In the First Tier Tribunal (FTT) case of NHS Lothian Health Board “the Board” the judge was asked to consider whether the Board had a valid Fleming claim* in respect of certain laboratory services performed from 1974 to 1997. The relevant services were, inter alia; Nequas work, food-testing, water-testing, non-medical testing of samples, especially for public health, and research and development.

Decision

The appeal was rejected. Although the Tribunal accepted the considerable evidence and testimony from members of staff working for the Board during the relevant years, and had decided that the relevant supplies were subject to VAT (they were not exempt of non-business) unfortunately, there was insufficient documentary evidence to actually quantify the amount of input tax claimed.  Of course, in order to recover input tax, it had to relate to taxable (business) supplies made by the appellant. The Tribunal was required to consider whether the business income of the laboratories could be calculated. The FTT considered that whilst the evidence was helpful in determining that taxable supplies were made, that evidence fell short of facilitating its quantification. While the business income was almost certainly significant, the Tribunal did not consider that it has been quantified satisfactorily for the whole period.

The appellant contended that a set percentage representing business income could be projected backwards to earlier VAT periods. The Tribunal did not consider such an approach “reasonable or acceptable” and that the timescale involved also undermined the likely accuracy of the process of extrapolation. (The Tribunal suggested that there is a need to have a verifiable percentage, calculated by reference to prime records at regular intervals. For example, it might well be acceptable in a 25 year period to have verifiable figures every five years, and if there is not significant variation, to use extrapolated figures for the intervening years).  There was also uncertainty about the Board’s partial exemption position and how, historically, apportionment was carried out.

Commentary

This case demonstrates the difficulty of making retrospective claims that go back to the early 1970s, that’s over 40 years ago! It is to be expected that certain records may be absent and HMRC has previously agreed that the required information may be established by other methods, however, a claim has to be made on the basis of “something more concrete” than a backwards projection of a percentage figure calculated from more contemporary records. The judge gave an example of evidence that may be acceptable in these circumstances.

The outcome does seem somewhat unfair given the fact that all parties agree that VAT was overpaid due to an error made by HMRC, but the level of evidence required to support a Fleming claim has to be of a certain standard to be accepted.

As always in VAT – record keeping is of the utmost importance.

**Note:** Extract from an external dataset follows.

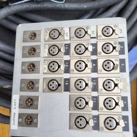 Multikabel (25m) med stageboks med 14+4 XLR stik i robust transportkasse. Stageboksen har 14 XLR hun-indgange og fire XLR han-udgange, mærket med bl.a. L, R og AUX. Kablet er samlet i én multikabel-slange med flere tilslutninger i den ene ende og stageboksen i den anden. Egnet til lydfordeling mellem scene og mixer, f.eks. til live-lyd, øvelokale eller faste installationer, hvor der er behov for at samle flere mikrofon- og linjesignaler i ét kabel.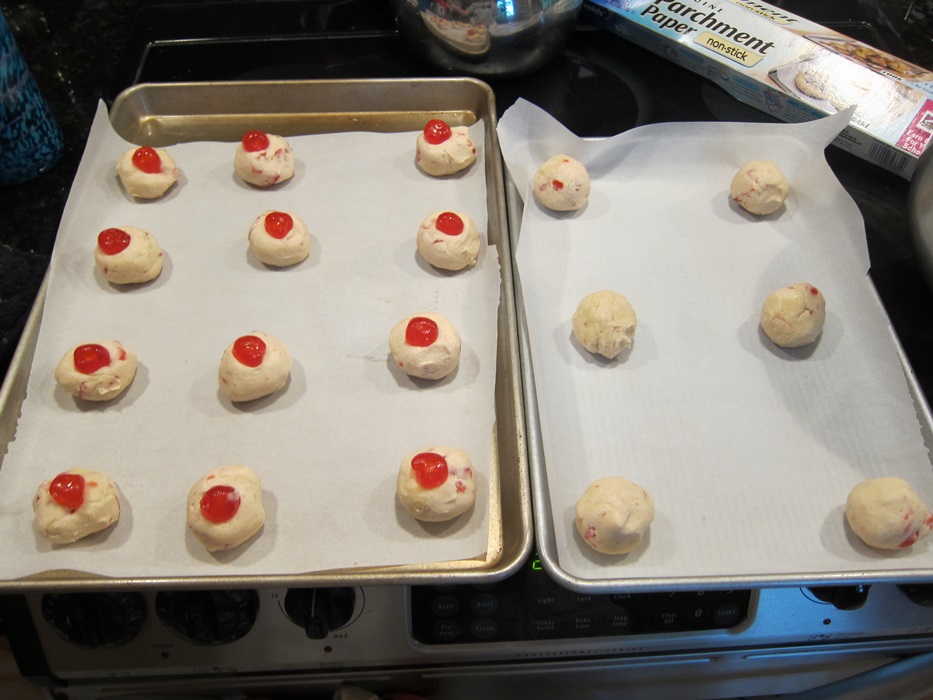 Scoop into roughly 1″ balls and space widely on the lined sheets. If desired, gently press whole candied cherries into the tops of the dough balls.

* Background to Fleming claims
Fleming claims’ are claims for underdeclared or overpaid VAT, potentially going back as far as the inception of VAT in 1973. They followed the House of Lords judgements in January 2008 in the cases of Fleming and Conde Nast (Fleming) which concerned the way that the three year time limit on making claims had been introduced. In Revenue and Customs Brief 07/08, published on 20 February 2008, claims were invited in respect of overpaid output tax for accounting periods ending before 1 May 1997. Subsequent legislation in the 2008 Finance Act limited the scope for making claims for these accounting periods by introducing a new transitional period ending 1 April 2009, before which any such claims had to be made.